I have been under the impression since I started using Zbrush that if a model was going to be normal mapped then you had to layout each piece of the mesh seperately - no mirroring UVs and no sharing texture space.

Is this true? I was looking at the maps for this model that was posted up here recently and there are plenty of mirrored uvs and the normal maps look brilliant.

http://www.t3h-v.com/folio/corum.html

So why are there loads of posts everywhere saying that you cant do this? I'm a bit confused!

ArchangelTalon
03-25-2006, 06:57 PM
It depends on the engine.

Most engines that support normal mapping can compensate for having two halves of a model covered by the same normal map.

You may find you have problems when you render out the normal map to start with, however, as it tries to apply two normal maps to the same area of texture space.

benclark
03-25-2006, 07:43 PM
Thanks for the help.

Where in Glasgow are you studying?

ArchangelTalon
03-25-2006, 09:11 PM
Heh, I'm actually studying at University of Teesside in Middlesbrough.

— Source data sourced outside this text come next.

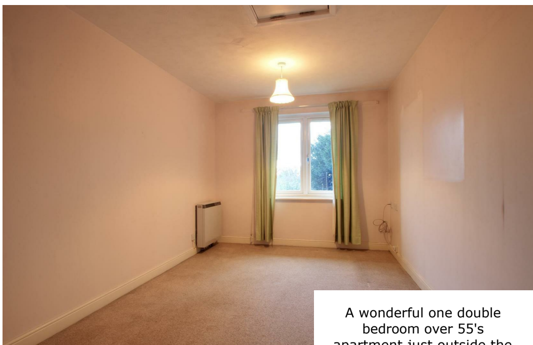
A wonderful one double bedroom over 55's apartment just outside the High Street and within easy walking distance to the train station.
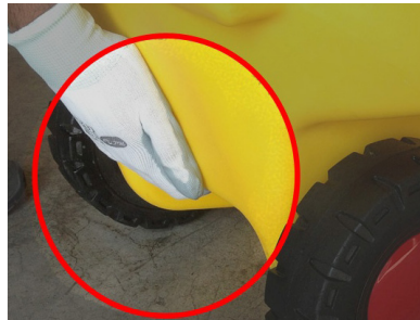
EASY CARRYING HANDLES
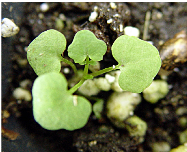
Figure 2. Leaves of hairy bittercress seedlings are distinct enough to make bittercress relatively easy to spot.
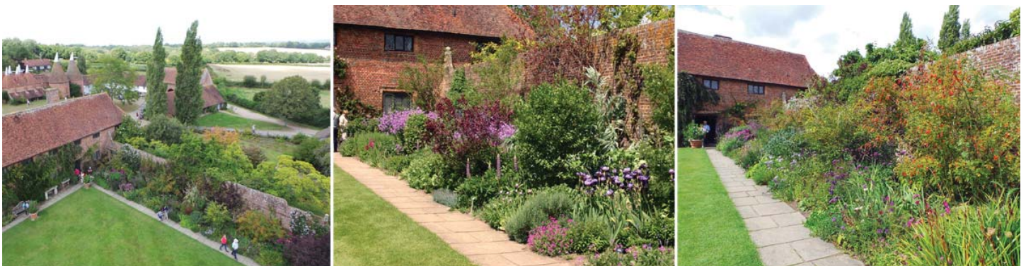
The purple border in the front courtyard from the tower (L), in spring (C) and in late summer (R).

Inside the courtyard, the bed along the north wall is planted with nothing but purple-flowering plants. This purple border was probably a deliberate response to Gertrude Jekyll's comment that purple was a difficult color in gardens and should be used sparingly. Vita combined numerous shades of magenta,

I still call Glasgow home, though :P

glynnsmith
03-26-2006, 05:02 AM
Yeah. I had a bit of trouble with symmetrying the UV's in the past. It turned the flipped half inside out.

Heh, I'm actually studying at University of Teesside in Middlesbrough.

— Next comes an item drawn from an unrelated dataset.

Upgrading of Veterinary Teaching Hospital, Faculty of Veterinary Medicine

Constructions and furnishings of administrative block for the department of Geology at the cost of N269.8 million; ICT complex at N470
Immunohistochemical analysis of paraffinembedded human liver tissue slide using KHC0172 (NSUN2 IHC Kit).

I still call Glasgow home, though :P

Whehey. Another one. What year/course?

ArchangelTalon
03-26-2006, 12:44 PM
Computer Games Art, first year.

Dull as a wet Tuesday :P

glynnsmith
03-26-2006, 02:36 PM
:D ACE! That must be one of the new courses. Pretty much all of the games art modules used to be under the blanket course of Computer Games Design, which is the bag I'm in.

How're you finding it?

G

benclark
03-26-2006, 04:09 PM
Mr Smith, that is a handsome moustache

ximage
03-26-2006, 04:46 PM
hey looks like u got a bit of a UK only thread going here, woot woot. i was wondering about that normal thing aswell, but then again i haven't made a games model yet, all the stuff iv done is hi-res, when i graduate i wanna get in to the games side, suppose i should have done a games course instead. hehe
just thought id say hi ne way!

sweeney

ArchangelTalon
03-26-2006, 05:17 PM
:D ACE! That must be one of the new courses. Pretty much all of the games art modules used to be under the blanket course of Computer Games Design, which is the bag I'm in.

How're you finding it?

G
Aye, I think this is only the second year it's been run.

It's pretty boring so far as I already know all we're being taught this year. Hopefully it'll pick up next year and we get to be a bit more creative. Still, it affords lots of time for working and drinking, which I'm not complaining about.


And not being allowed intersecting geometry in our models is driving me up the wall XD

glynnsmith
03-26-2006, 05:49 PM
Mr Smith, that is a handsome moustache

Hey! I wasn't offering my drawn on lip hair for critique!! :P :D

It's pretty boring so far as I already know all we're being taught this year. Hopefully it'll pick up next year and we get to be a bit more creative. Still, it affords lots of time for working and drinking, which I'm not complaining about.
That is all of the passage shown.